= Richard Macksey =

American humanities professor (1931–2019)

Richard Alan Macksey (July 25, 1931 – July 22, 2019) was Professor of Humanities and co-founder and longtime Director of the Humanities Center (now the Department of Comparative Thought and Literature) at The Johns Hopkins University, where he taught critical theory, comparative literature, and film studies. Macksey was educated at Princeton and Johns Hopkins, earning his B.A. at the latter in 1953 and his Ph.D. in 1957. He taught at Johns Hopkins (both the school of Arts & Sciences as well as the Medical School) beginning in the autumn of 1958 as an assistant professor in The Writing Seminars. He was the longtime Comparative Literature editor of MLN (Modern Language Notes), published by Johns Hopkins University Press.
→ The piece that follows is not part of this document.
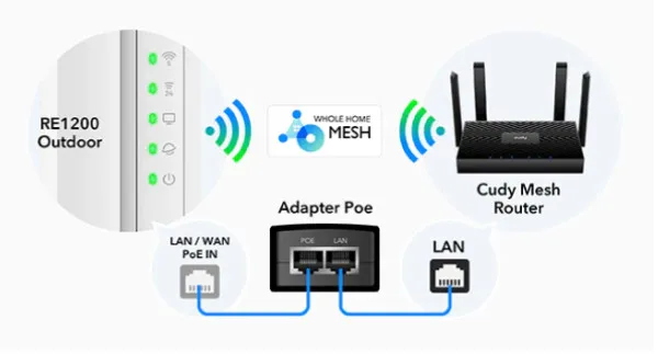 Proširivač opsega montiran na stub/zid sa IP65 kucištem i PoE, sa režimima pristupne tačke i proširenja opsega i Cudy Mesh. Potreban je ruter da radi kao kapija ispred njega. IP65, -40~65°C (-40~149°F), 4kV prenapon 24V Pasivni PoE 1× Fast Ethernet port 30 Povezani uređaji Cudy Mesh Satelit Multi-Band Simultaneous Backhaul Ethernet Backhaul Verzija modela: RE1200 Outdoor 1.0 CPU- čipset MT7628DA+MT7613B; Detalji CPU 580 MHZ Single-Core, MIPS24KEC Memorija/Stroage- Flash/ROM: 8 MB (64 Mbit) NOR; DDR/RAM: 64 MB (512 Mbit) DDR3 Bežični 5 GHz Wi-Fi brzina 867 Mbps Wi-Fi opsezi EU, SAD 2,4 GHz Wi-Fi brzina 300 Mbps 5 GHz Wi-Fi strimovi 2T2R (2×2 MIMO) 2,4 GHz Wi-Fi strimovi 2T2R (2×2 MIMO) Wi-Fi antene 2× odvojive Maksimalno pojačanje antene od 2,4 GHz 4,6 dBi Maksimalno pojačanje antene od 5 GHz 4,4 dBi Odvojivi konektor za Wi-Fi antene RP-SMA ženski Maksimalne performanse dometa: 170 m (558 stopa) Park: 150 (492 stopa) Ulica: 50 (164 stopa) Šuma: 30 (98 stopa) Interfejsi 10/100 Mbps RJ45 portovi 1 Ethernet Notes Prihvata PoE napajanje LED: Snaga, Internet, LAN, 2,4 GHz Wi-Fi, 5 GHz Wi-Fi Fizička dugmad: WPS dugme; Reset dugme Ulaz za napajanje PoE preko Ethernet porta Power Input: PoE preko Ethernet Port Snaga Power Methods- Pasivni PoE 24 V AC 110V ~ 220V Maksimalna potrošnja energije (W) 12W Potrošnja energije u stanju mirovanja (W) 2,5W Pouzdanost Zaštita od munje/prenapona 4 kV Zaštita od groma/prenapona ESD zaštita vazduha 4 kV kontakt ESD zaštita, 8 kV vazdušna ESD zaštita Radna temperatura okoline: -20 C ~ 60 C (-4 F ~140 F) Povecajte radnu temperaturu sa SIM karticom industrijske klase: -40 C ~ 65 C (-40 F ~ 149 F) Temperatura skladištenja: -40 C ~ 70 C (-40 F ~ 158 F) Radna vlažnost: 0% ~ 100% bez kondenzacije Vlažnost skladištenja: 5% ~ 90% bez kondenzacije Snaga bežičnog Wi-Fi prenosa CE: <20 dBm (2,4 GHz) <23 dBm (5 GHz) FCC: <30 dBm (2,4 GHz) 5 GHz) Pouzdanost Metode uzemljenja: Utikač sa tri zupca Mehanička instalacija u višeslojnom lancu: Preporučujemo da instalirate manje od 3 repetitora u bežični lanac. Instalacija: Zidna montaža; Pole-Mounting Materijal kucišta: Plastika Dimenzija tela uređaja: 240×100×53,7 mm 9,45×3,94×2,11 inča Svaka antena: 197,5×21,6×15,5 mm 7,78×0,85×0,61 inča Težina proizvoda u EU: 420 g (14,82 oz.) Power Basic Power Saving: 0 Sadržaj paketa: Glavni proizvod Odvojive antene PoE adapter Kabl za napajanje Oprema za montiranje Eternet kabal Uputstvo za instalaciju Informacije o poručivanju Težina maloprodajnog pakovanja u EU: 740 g (14,82 oz.) Maloprodajno pakovanje Dimenzije 324×107×86 mm; 12,76×4,21×3,39 inča Neto težina kartona u EU: 14,8 kg (32,63 lbs) Bruto težina kartona u EU: 15,7 kg (34,61 lbs) Jedinice po kartonu 20 Karton Dimenzija 46×33,7×45 cm

He was a recipient of the University's George E. Owen Teaching Award in 1992, honouring his teaching ability and dedication to undergraduates and the Hopkins Distinguished Alumnus Award in 1999.

During this time, he also played a significant role in the creation of the Humanities Center, aiding in the sponsorship of courses in literature, art, philosophy, and history. Macksey also presided over one of the largest private libraries in Maryland, with over 70,000 books and manuscripts. An image of the room overspilling with books has been a popular internet meme in the 2010s and 2020s.

As Director for the Humanities Center, Macksey, with funding from the Ford Foundation, organized the influential international literary theory symposium, "The Languages of Criticism and the Sciences of Man," which featured prominent academics such as Paul de Man, Jacques Derrida, Roland Barthes, and Jacques Lacan, and where Derrida presented his lecture "Structure, Sign, and Play in the Discourse of the Human Sciences", credited with "tear[ing] down the temple of structuralism." These lectures were collected as The Structuralist Controversy, the most recent version of which was published in 2005.

In May 1999, the Richard A. Macksey Professorship for Distinguished Teaching in the Humanities was established by a former student Edward T. Dangel III and his wife, Bonni Widdoes. The professorship is currently held by Alice McDermott.

Notable students of Richard Macksey include Susan Stewart, Caleb Deschanel, Peter Koper, Walter Murch, Matthew Robbins, and Hollis Robbins.

== Personal life and attributes ==
Not much is known about Macksey's personal life. In an article written by Greg Rienzi, Macksey describes his own " lack of focus" as his most defining characteristic. Described as "known to wander sometimes during a conversation", however, despite this, as well as a tendency to be difficult to get a straight answer out of, successfully became a respected and popular member of faculty.

Macksey had a range of interests. Despite describing himself as lacking in focus, he appeared to be capable of dedicating immense time and effort to various fields of knowledge. Macksey was able to read and write in six languages . This may have also been possible due to his, as described by colleague Neil Hertz, professor of English and director of the Humanities Center, "astonishing memory".

Students, such as the aforementioned Terry Dangel recall being "overwhelmed by the level of knowledge the young Professor Macksey had".

== Publications ==
- The Structuralist Controversy: The Languages of Criticism and the Sciences of Man. JHU Press 1970.
- Velocities of Change: Critical Essays from MLN (Modern Language Notes) JHU Press 1974.
- The Johns Hopkins Guide to Literary Theory & Criticism. (Foreword) 2nd Edition. Baltimore: The Johns Hopkins University Press, 2005.